Dejando ya de lado un proceder
meramente "práctico", nos concentraremos en las conductas
técnicas de los trabajadores sociales, no desconociendo que en
el ejercicio profesional muchas veces y por distintos motivos,
se entremezclan conductas prácticas y técnicas.
Cuando calificamos de técnica a
una conducta aludimos a cierto tipo de procedimiento regulado,
es decir, que obedece a cierta regla.

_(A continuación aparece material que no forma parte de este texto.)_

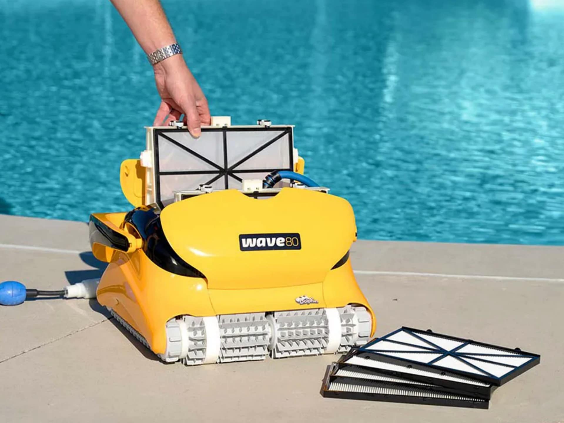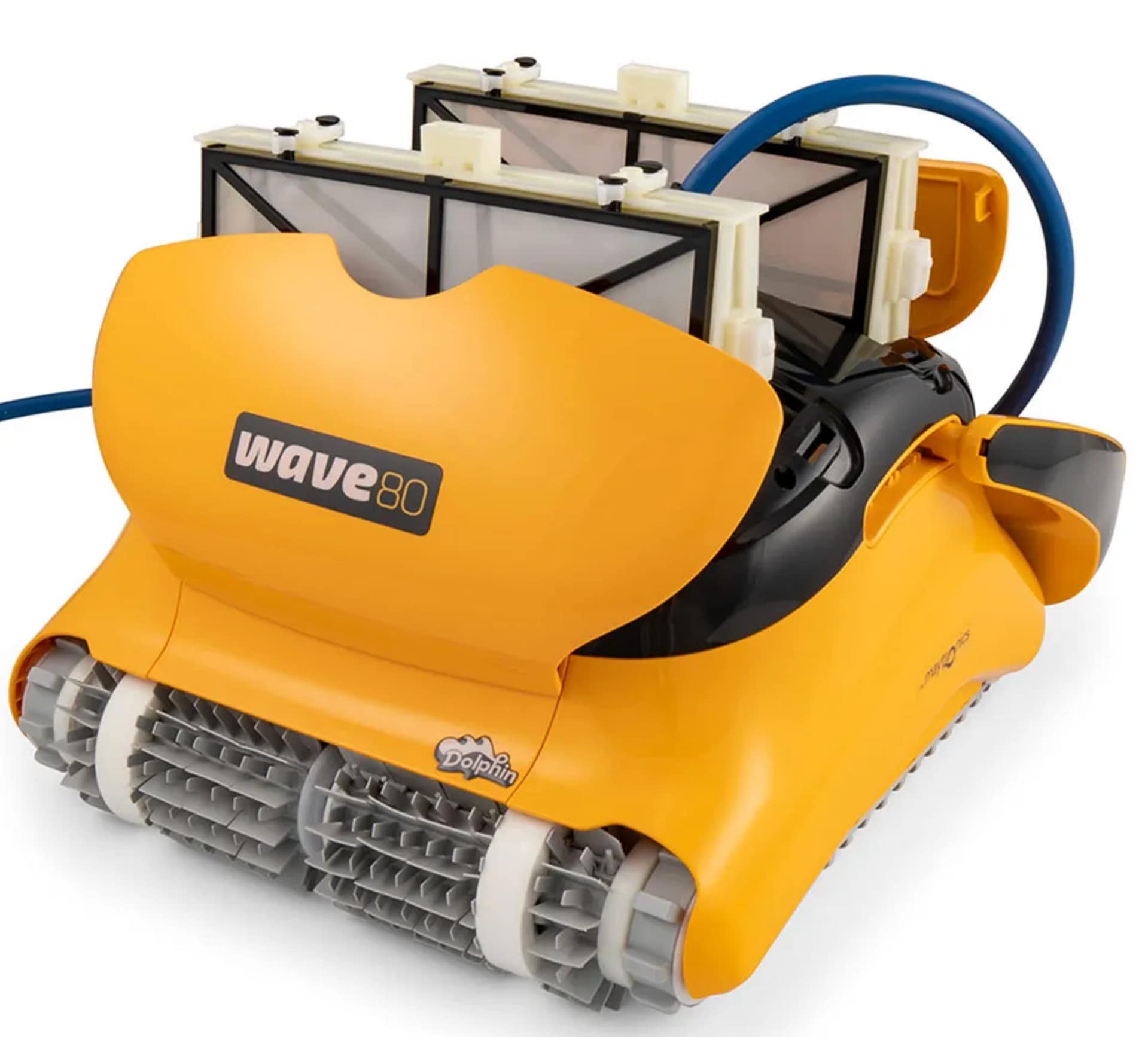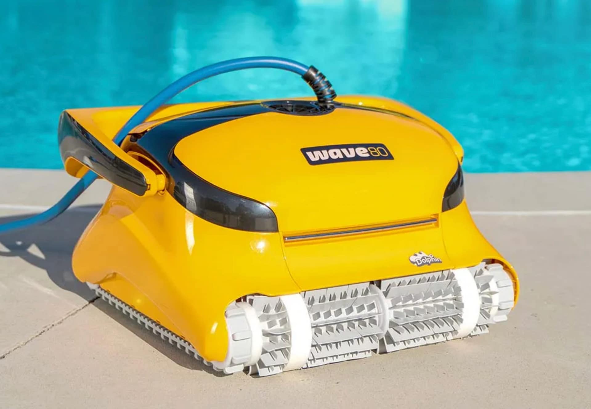 Dolphin WAVE 80 zwembadrobot, speciaal voor het reinigen van middelgrote en grote privé- en commerciële zwembaden tot 20 meter; reinigt de bodem, wanden en waterleiding.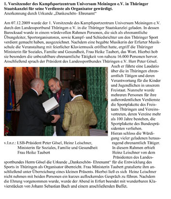 1. Vorsitzender des Kampfsportzentrum Universum Meiningen e.V. in Thüringer Staatskanzlei für seine Verdienste als Organisator gewürdigt.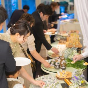 披露宴中にサプライズデザートが!貸切会場だからこそ、ラウンジルームにブッフェコーナーを設けて、みんが嬉しいデザートブッフェの開始です♪種類が豊富なデザートからぜひお好きなものをお選びください♪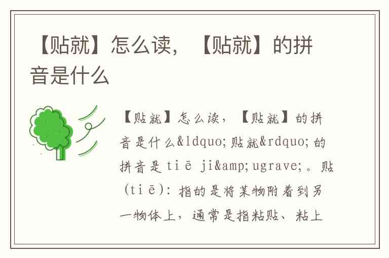 你提到的“贴就”可能是某种方言、口语表达或是特殊的词组,能不能提供更多的上下文,帮助我更准确地理解呢?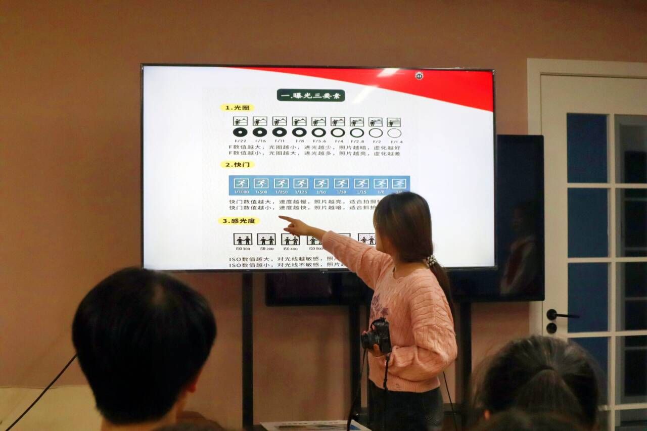随后,进行培训活动的第二篇章——相机使用培训。丁艺芯部长,作为主讲嘉宾,以深厚的相机操作经验和独到的见解,为志愿者们开启了一场视觉与技术的盛宴。她从相机的基础知识讲解,拍摄技巧的巧妙运用,后期处理的细腻雕琢,参数调整的精准把控这四个方面进行讲解。这些宝贵经验和技能,为他们在未来志愿服务中的摄影记录打下了坚实基础。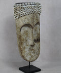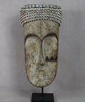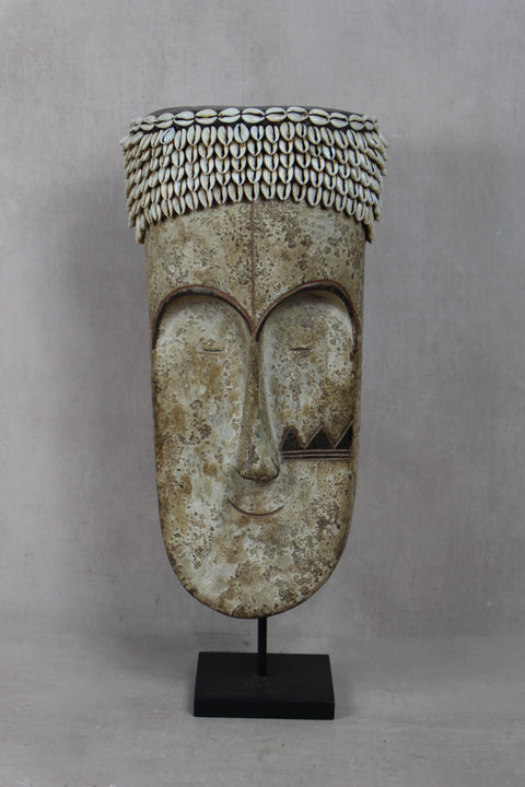 Well known for their reliquary figures the Fang also danced finely sculpted masks during a number of ritual activities. Among the Fang, white-painted masks identified with the Ngil society are known for their elegant abstractions of the human face. Ngil masks have been described as having a 'heart-shaped face' due to the facial features emphasizing refined curves of the orbital ridges above the eyes and the prominent line of the long tapering nose that ended above a discretely mouth carved at the bottom of the chin that completes the abstraction of the face. The Fang people used masks in their secret societies. Members of this male society wore the Ngil masks during the initiation of new members and the persecution of wrongdoers. Masqueraders, clad in raffia costumes and attended by helpers, would materialize in the village after dark, illuminated by flickering torchlight.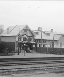 Tuurin asema koristeltuna v. 1933 Tampere-Vaasan radan 50-vuotisjuhlien kunniaksi. (1883-1933) Aseman henkilökunta kuvassa. Tuuri.
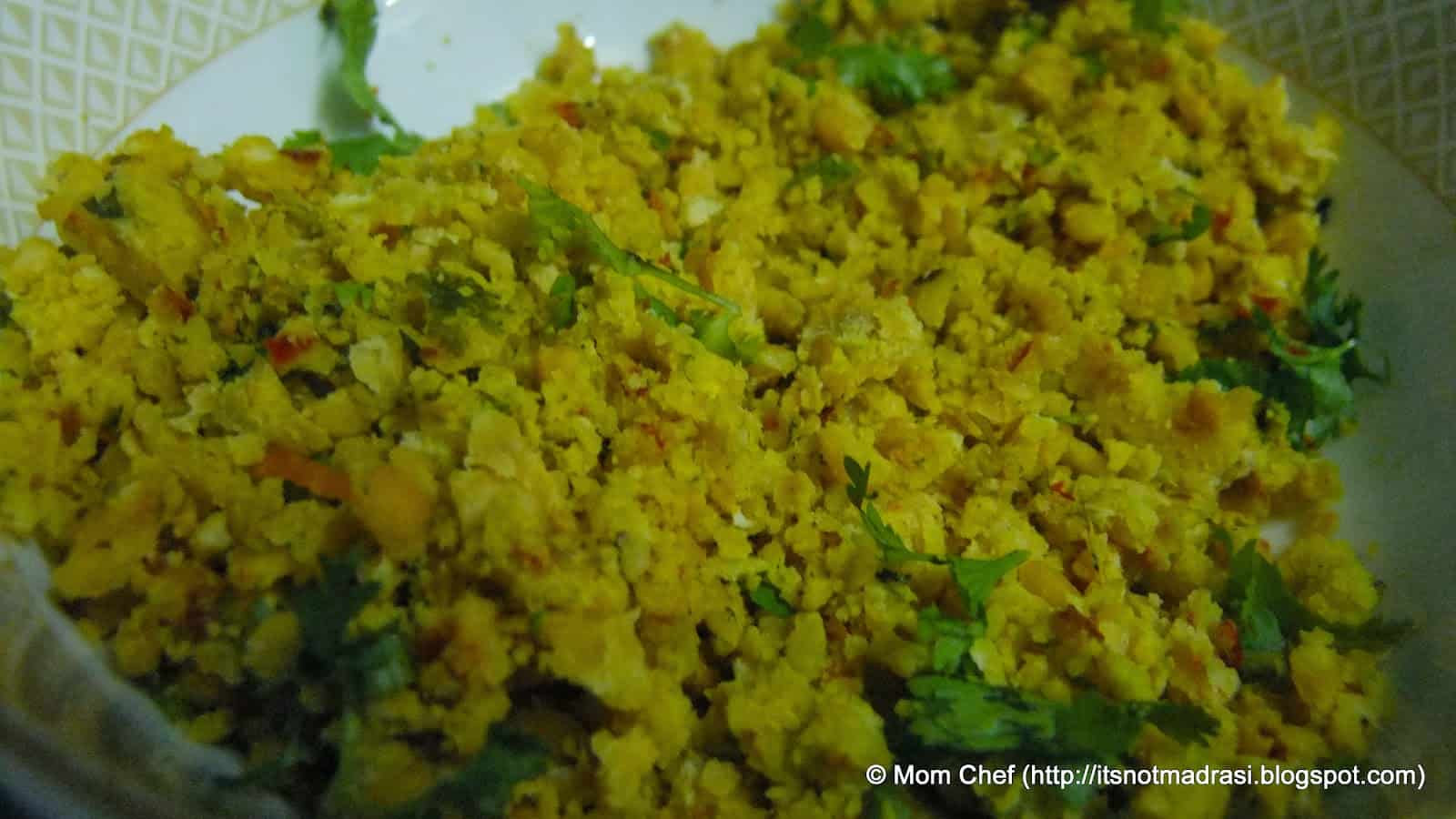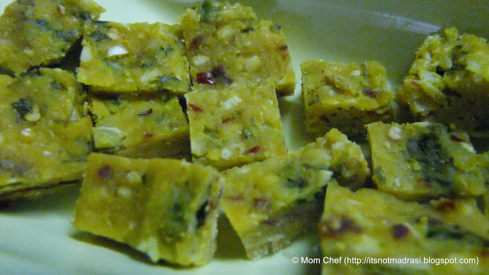 7)     Unmould the steamed savoury cakes and cool (from step 4 above). Crumble into burji consistency. Additionally, you may eat these healthy  savoury cakes as it is (refer pic 1)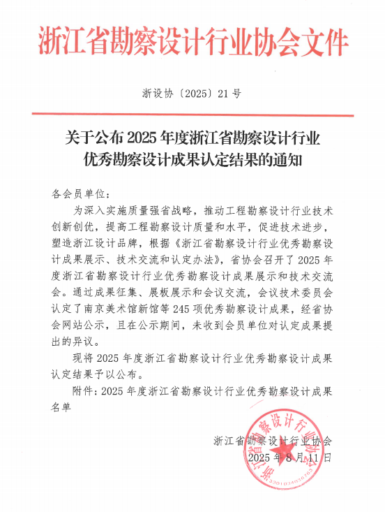 近日,2025年度浙江省勘察設(shè)計行業(yè)優(yōu)秀勘察設(shè)計成果評選結(jié)果正式公布。由我院牽頭設(shè)計的“奉化江堤防整治工程鄞奉交界段”項目,繼榮獲寧波市優(yōu)秀勘察設(shè)計獎之... -
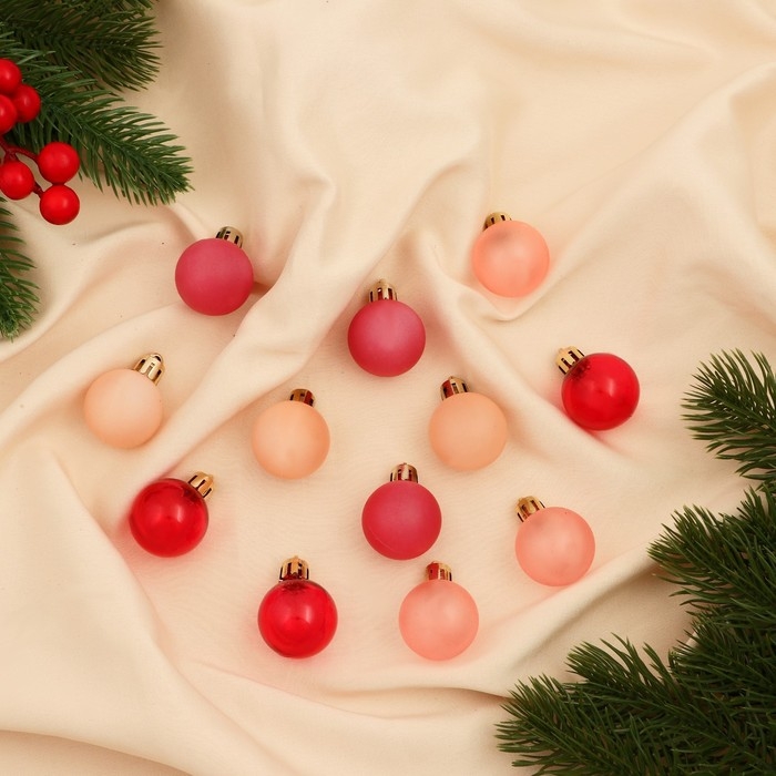 Набор шаров пластик d-3 см, 12 шт "Шедар" шёлк, розово-красный
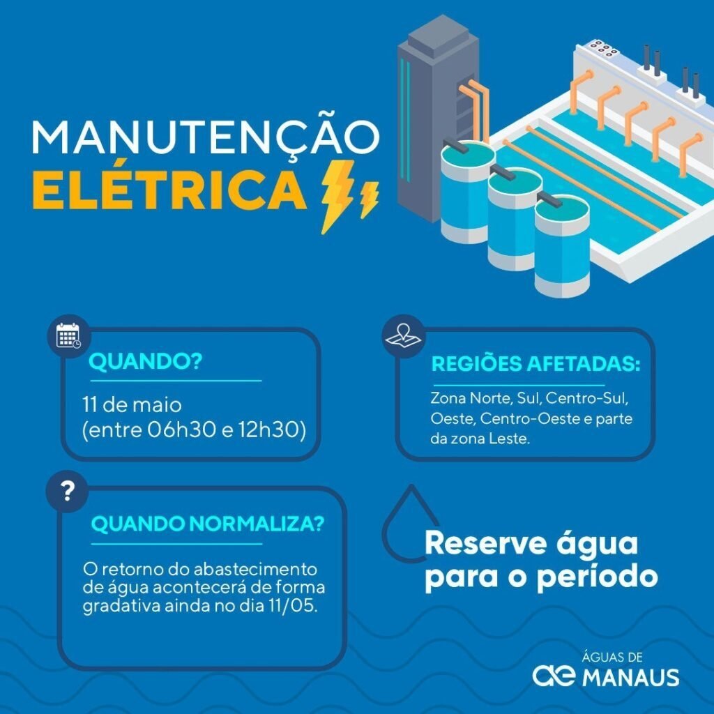 A Águas de Manaus informa que devido manutenção elétrica programada pela Amazonas Energia as Estações de Tratamento de Águas (ETA) I e II, localizadas no complexo Ponta do Ismael, no bairro Compensa, zona Oeste da cidade, serão temporariamente desligadas, nesta quinta-feira (11), deixando sem abastecimento as regiões Norte, Sul, Centro-Sul, Oeste, Centro-Oeste e parte da zona Leste da cidade.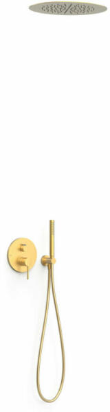 Falba építhető kivitel Tartalmazza a belső egységet Egykaros zuhanycsaptelep 380 mm-es mennyezeti fejzuhannyal Vízkőmentesített kézi zuhannyal és fali tartóval Szatén zuhanytömlővel Matt arany színben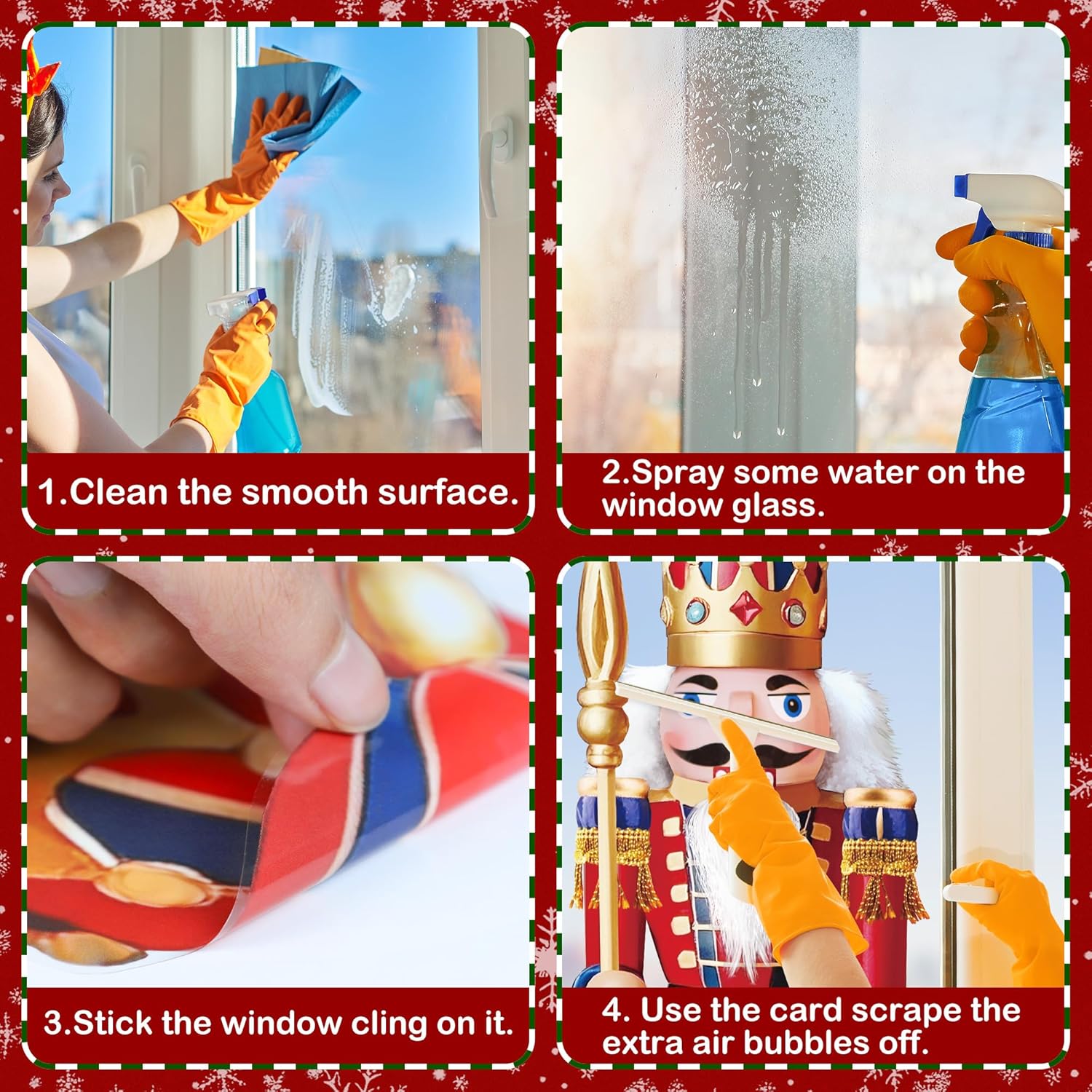 Put On Nutcracker Window Clings Easily – This Christmas window decals are THIN STATIC clings.No adhesive or glue needed,Just clean the surface of the pasted object before pasting,so that the window sticker can work normally for a long time.Bright colors and clear patterns,I am sure you will look forward to this window clings!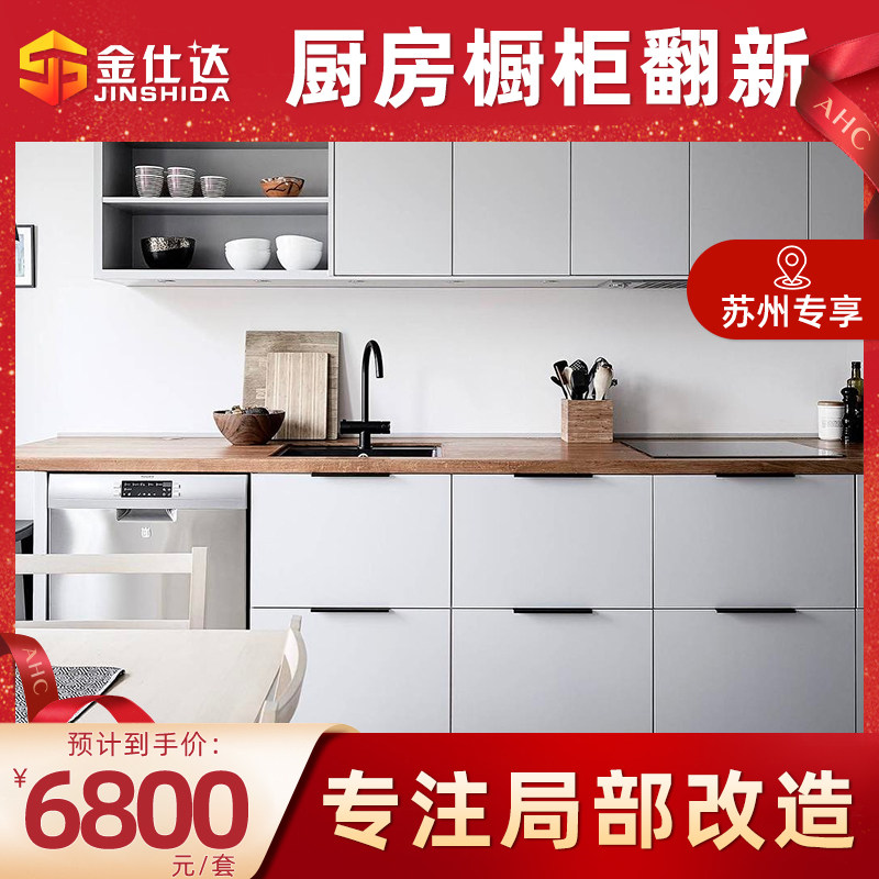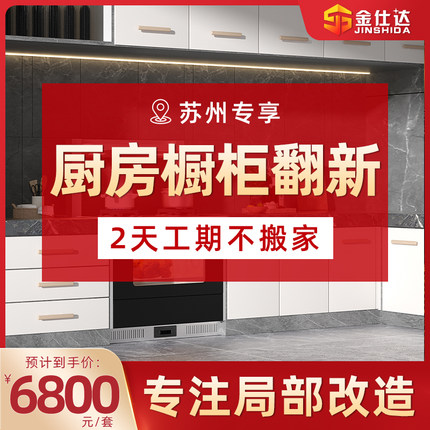 苏州厨房整体橱柜定制翻新老房二手房橱柜石英石台面局部改造装修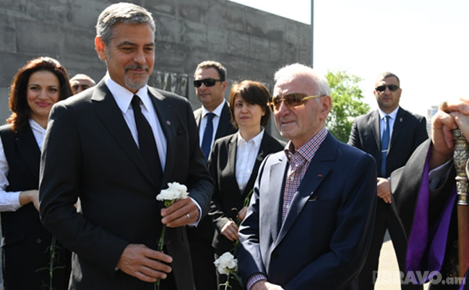 Աշխարհահռչակ արտիստներ Շառլ Ազնավուրը եւ Ջորջ Քլունին մեխակներ են դրել Ծիծեռնակաբերդի հուշահամալիրի հավերժական կրակի մոտ` հարգանքի տուրք մատուցելով Մեծ եղեռնի զոհերի հիշատակին: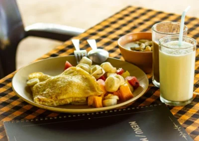 Двухразовое вегетарианское питание в формате «шведский стол» (завтрак и ужин) — $15.

Vemos que el individuo
realiza "un número finito de actos en un orden dado y con un
objetivo también dado".
En general a un proceder se lo califica de técnico cuando
obedece a un conjunto coherente de reglas de procedimiento que
conducen a un fin previamente determinado.
Cuando observamos a un técnico,
lo vemos utilizar técnicas con dos fines o, si se quiere, con
dos objetivos fundamentales: para conocer o para hacer. Pero en
general el técnico aplica reglas cuyo fundamento ignora.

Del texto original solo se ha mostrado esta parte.